▶ _PROBLEM TO SOLVE_: Reproduce each entry exactly as it reads. Leave the images out.

▶ _Dataset items_:
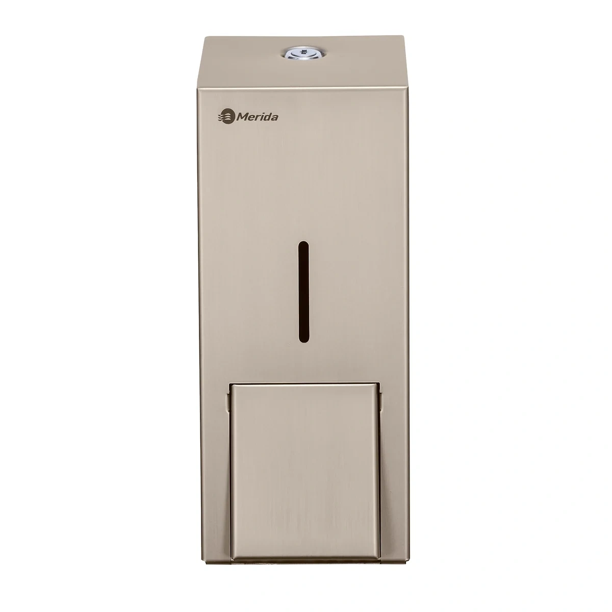 Механический картриджный дозатор мыльной пены металлический 'MERIDA STELLA R' (Anti Finger) Механический картриджный дозатор мыльной пены 'MERIDA STELLA R' с покрытием Anti Finger представляет собой надежное и функциональное устройство, предназначенное для общественных и коммерческих пространств. Изготовленный из нержавеющей стали, этот дозатор обеспечивает долговечность и простоту в использовании, а специальное покрытие минимизирует видимость отпечатков пальцев и загрязнений. Преимущества: Корпус из нержавеющей стали с покрытием Anti Finger, что делает его устойчивым к загрязнениям. Российское производство. Механический механизм, обеспечивающий высокую надежность. Современный дизайн, который вписывается в любой интерьер. Корпус из нержавеющей стали AISI 304 толщиной 1 мм обеспечивает долговечность и прочность. Технические характеристики: Тип: Картриджный Материал: Нержавеющая сталь Цвет: Anti Finger Вместимость: 700 мл Тип расходного материала: Картриджное мыло-пена Merida в ассортименте Уход: Для регулярной гигиены поверхности диспенсера используйте очиститель-полироль CEMO. Нанесите средство на протирочную салфетку CM002 и аккуратно протрите поверхность для поддержания чистоты и сохранения внешнего вида.
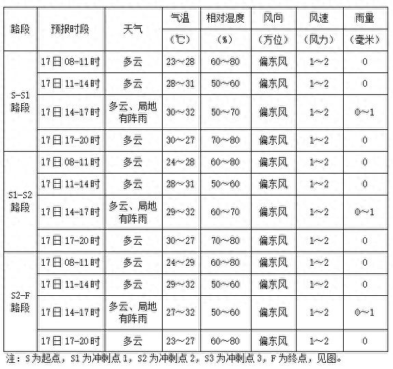 预计,今天(17日)白天多云、午后局地有阵雨,气温23~32℃,相对湿度50~80%。赛事期间,气温适宜,风力较小,天气总体有利于赛事活动。
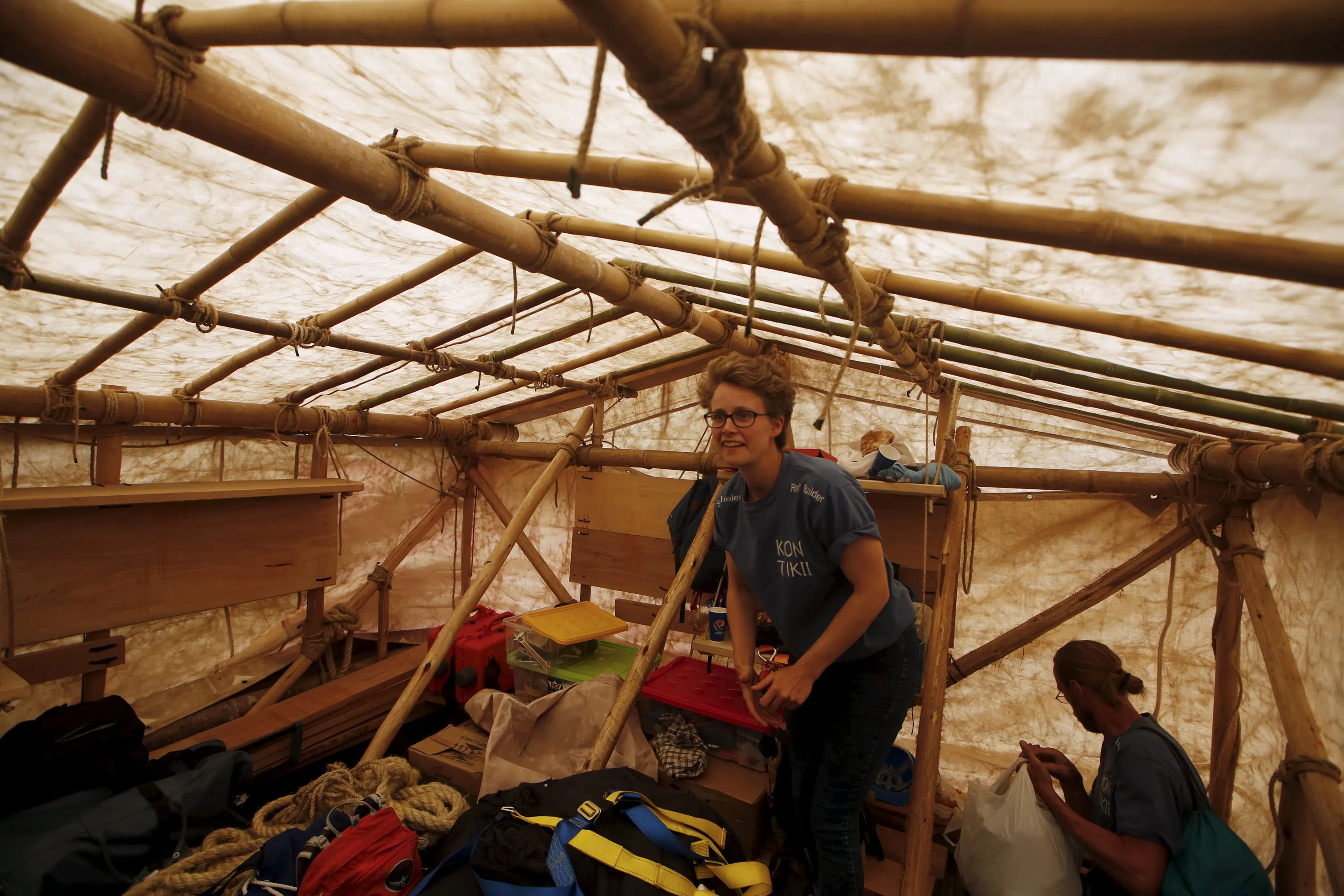 Crew members of the Kon-Tiki II expedition check out the cockpit of one of the two wooden rafts at the port of Callao prior to the departure to Pascua island in Chile, in Callao, Peru, October 30, 2015. (Photo by Mariana Bazo/Reuters)
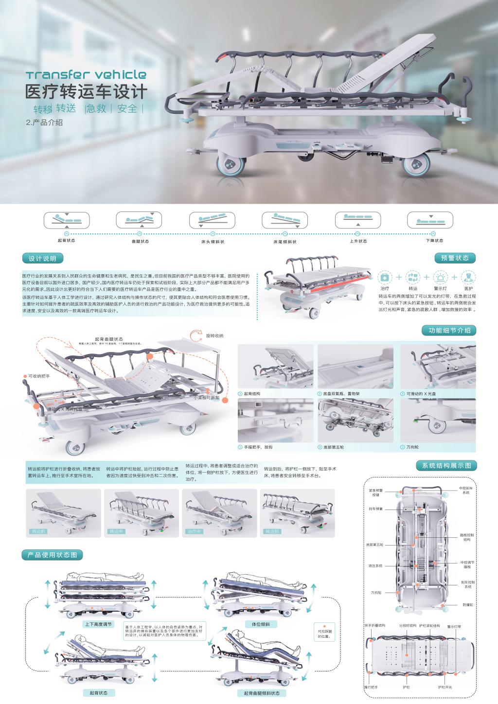 医疗行业的发展关系到人民群众的生命健康,生老病死是民生之重。但目前我国的医疗产品类型不够丰富医院使用的医疗设备目前以国外进口居多,国产较少国内医疗转运车仍处于探索和试验阶段,实际上大部分产品都不能满足用户多元化的需求。因此设计出更好的符合当下人们需要的医疗转运车产品是医疗行业的重中之重。 该医疗转运车基于人体工学进行设计,通过研究人体结构与操作状态的尺寸,使其更贴合人体结构和符合医患使用习惯。转运车的主要功能有预警功能、起背起腿、高度调节、体位倾斜等;整体造型采用拥抱感的方式,给人一种安全感;床的两侧设有预警灯带,在紧急状况下便于疏散人群;左右两侧的护栏和床头的推行把手都带有弧度造型,方便抓握,在不使用的状态下可以折叠,节省空间;床板微微凹陷,并结合人体结构进行弧度设计;底盘设有放置双氧瓶及医疗用品的位置,床位设有放置医疗器械的小桌板,方便医护人员在救治过程中使用。各个结构功能部分模块化设计,整体造型简洁,可落地性高。
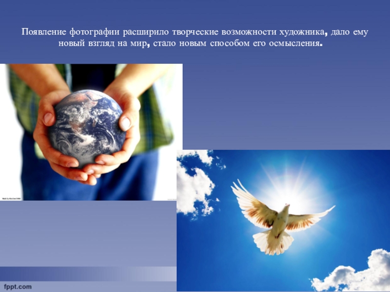 Слайд 3Появление фотографии расширило творческие возможности художника, дало ему новый взгляд

▶ _ANSWER AREA_:
 Механический картриджный дозатор мыльной пены металлический 'MERIDA STELLA R' (Anti Finger) Механический картриджный дозатор мыльной пены 'MERIDA STELLA R' с покрытием Anti Finger представляет собой надежное и функциональное устройство, предназначенное для общественных и коммерческих пространств. Изготовленный из нержавеющей стали, этот дозатор обеспечивает долговечность и простоту в использовании, а специальное покрытие минимизирует видимость отпечатков пальцев и загрязнений. Преимущества: Корпус из нержавеющей стали с покрытием Anti Finger, что делает его устойчивым к загрязнениям. Российское производство. Механический механизм, обеспечивающий высокую надежность. Современный дизайн, который вписывается в любой интерьер. Корпус из нержавеющей стали AISI 304 толщиной 1 мм обеспечивает долговечность и прочность. Технические характеристики: Тип: Картриджный Материал: Нержавеющая сталь Цвет: Anti Finger Вместимость: 700 мл Тип расходного материала: Картриджное мыло-пена Merida в ассортименте Уход: Для регулярной гигиены поверхности диспенсера используйте очиститель-полироль CEMO. Нанесите средство на протирочную салфетку CM002 и аккуратно протрите поверхность для поддержания чистоты и сохранения внешнего вида.
 预计,今天(17日)白天多云、午后局地有阵雨,气温23~32℃,相对湿度50~80%。赛事期间,气温适宜,风力较小,天气总体有利于赛事活动。
 Crew members of the Kon-Tiki II expedition check out the cockpit of one of the two wooden rafts at the port of Callao prior to the departure to Pascua island in Chile, in Callao, Peru, October 30, 2015. (Photo by Mariana Bazo/Reuters)
 医疗行业的发展关系到人民群众的生命健康,生老病死是民生之重。但目前我国的医疗产品类型不够丰富医院使用的医疗设备目前以国外进口居多,国产较少国内医疗转运车仍处于探索和试验阶段,实际上大部分产品都不能满足用户多元化的需求。因此设计出更好的符合当下人们需要的医疗转运车产品是医疗行业的重中之重。 该医疗转运车基于人体工学进行设计,通过研究人体结构与操作状态的尺寸,使其更贴合人体结构和符合医患使用习惯。转运车的主要功能有预警功能、起背起腿、高度调节、体位倾斜等;整体造型采用拥抱感的方式,给人一种安全感;床的两侧设有预警灯带,在紧急状况下便于疏散人群;左右两侧的护栏和床头的推行把手都带有弧度造型,方便抓握,在不使用的状态下可以折叠,节省空间;床板微微凹陷,并结合人体结构进行弧度设计;底盘设有放置双氧瓶及医疗用品的位置,床位设有放置医疗器械的小桌板,方便医护人员在救治过程中使用。各个结构功能部分模块化设计,整体造型简洁,可落地性高。
 Слайд 3Появление фотографии расширило творческие возможности художника, дало ему новый взгляд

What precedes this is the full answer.